-- PROBLEM DETAILS --
Directions for the data below: repeat exactly the lines from the one with "Zapraszamy na usługowe" through the one with "This Sun-Dried Tomato, Spinach, and", both included, and omit all pictures.

-- AVAILABLE DATA --
···
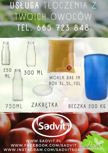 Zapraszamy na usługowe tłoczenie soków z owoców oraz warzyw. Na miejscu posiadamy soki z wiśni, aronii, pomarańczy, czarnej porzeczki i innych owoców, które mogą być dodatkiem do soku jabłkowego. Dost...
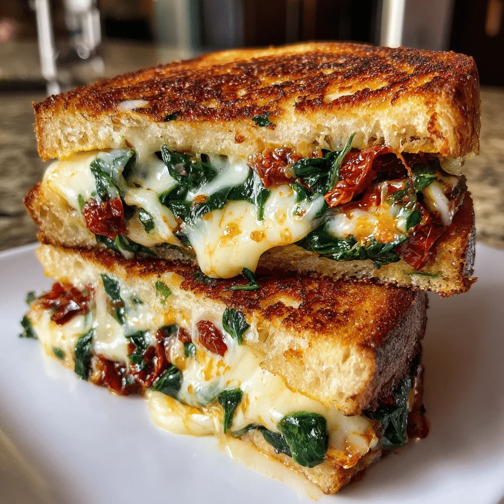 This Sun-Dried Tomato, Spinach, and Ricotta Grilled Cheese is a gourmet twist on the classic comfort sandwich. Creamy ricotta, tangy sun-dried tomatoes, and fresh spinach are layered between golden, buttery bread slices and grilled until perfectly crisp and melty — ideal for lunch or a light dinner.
···
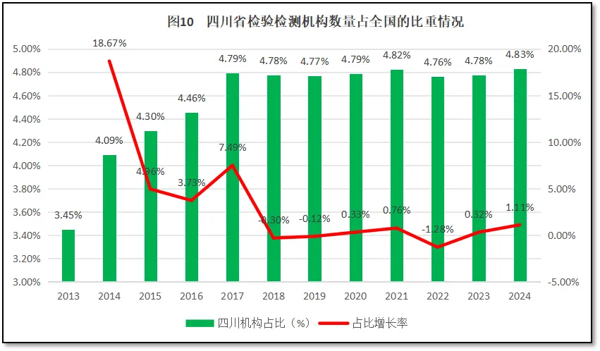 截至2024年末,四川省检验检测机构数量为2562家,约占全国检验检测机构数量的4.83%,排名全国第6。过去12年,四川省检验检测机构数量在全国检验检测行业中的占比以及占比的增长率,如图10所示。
···
-- PROBLEM SOLUTION --
 Zapraszamy na usługowe tłoczenie soków z owoców oraz warzyw. Na miejscu posiadamy soki z wiśni, aronii, pomarańczy, czarnej porzeczki i innych owoców, które mogą być dodatkiem do soku jabłkowego. Dost...
 This Sun-Dried Tomato, Spinach, and Ricotta Grilled Cheese is a gourmet twist on the classic comfort sandwich. Creamy ricotta, tangy sun-dried tomatoes, and fresh spinach are layered between golden, buttery bread slices and grilled until perfectly crisp and melty — ideal for lunch or a light dinner.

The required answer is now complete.